Une autre section, dite « spéciale », est attribuée à quelques quatre écrivains, desquels le plus âgé ne dépasse pas les 22 ans. D’autres tables font l’objet d’ateliers : la première est consacrée à la confection des marque-pages, l’autre à l’écriture pour enfant.

À l’un des uniques événements du « livre pour livre » du pays, tous s’y sont plus. Volontiers, des familles entières y prirent part. « Prenez un livre et lisez-le. Ne le payez pas. Prenez-le, lisez-le, c’est tout ! » encourage l’organisateur.

« C’est une bonne initiative, nous en avons besoin davantage, » opine Karam, un des participants, rappelant en marge que « l’esprit du partage et de l’échange, c’est ce qui nous manque. » Aussi est-il évident pour le jeune homme que les bouquins se font de plus en plus chers en boutique. « Je préfère venir ici, déposer mes livres que j’ai déjà lus, et prendre ceux de quelqu’un d’autre en échange, » plaide-t-il.

Une dévotion interrégionale

Même si, faute de moyens, l’événement n’est faisable qu’à Alger, pour Islem (et il s’en désole), d’autres aspirent à propager le « vice » de lire jusqu’aux confins du pays.

Mossaâb Gharbi, un autre jeune algérien pour qui tout livre est sacré, nous vient de la ville des ponts suspendus. Entendant parler de l’événement en dernière minute, il quitte Constantine d’emblée la veille, il passe le restant de la nuit à la gare routière du Caroubier en y attendant le lever du jour, afin de prendre le chemin d’El Hamma.

« Ceci est un événement qui m’importe beaucoup, » nous confie-t-il d’un air alourdi par un sommeil apparent, toutefois enthousiaste.

Mossaâb est l’initiateur du projet de la « mini-bibliothèque » de Constantine, tenu en mai dernier. Un projet qui a fait alors florès, mais qui a aussitôt eu une désapprobation de la part des autorités municipales de la ville.
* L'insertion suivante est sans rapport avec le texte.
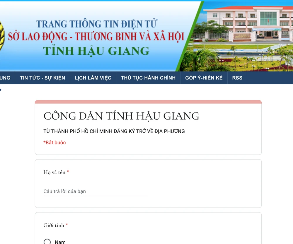 Trang đăng ký đưa người dân về quê của tỉnh Hậu Giang. Ảnh: ĐẶNG LÊ

Le concept est d’autant plus simple que celui du Book Exchange : une cabine à livres dont le slogan était « prendre un livre et remettre un autre ». En l’espace d’une semaine, la mini-bibliothèque passa de 120 livres à 160.

Pour le jeune constantinois, l’initiative est à renforcer. Son prochain objectif ? Collecter près de 5000 livres « échangeables ». Et ce, pour d’autres mini-bibliothèques dans chaque station de tramway en ville. Les universités et écoles en sont également concernées.

« Je suis venu ici car le livre m’est important, où qu’il soit, » proclame-t-il. « Je veux créer une sorte de confrérie entre le lectorat algerois et constantinois. » Il a en outre tenu à promouvoir son projet et sa page facebook, « Constantine Reads », dans l’espoir de séduire le plus de lecteurs.

Ces jeunes, pour qui le dessein est de « banaliser » la lecture aux quatre coins du pays, militent tous pour une mainmise juvénile sur le pays. Une mainmise tout aussi légitime dans un pays où, est-il essentiel de le rappeler, plus de 70% ne dépasse pas les 30 ans.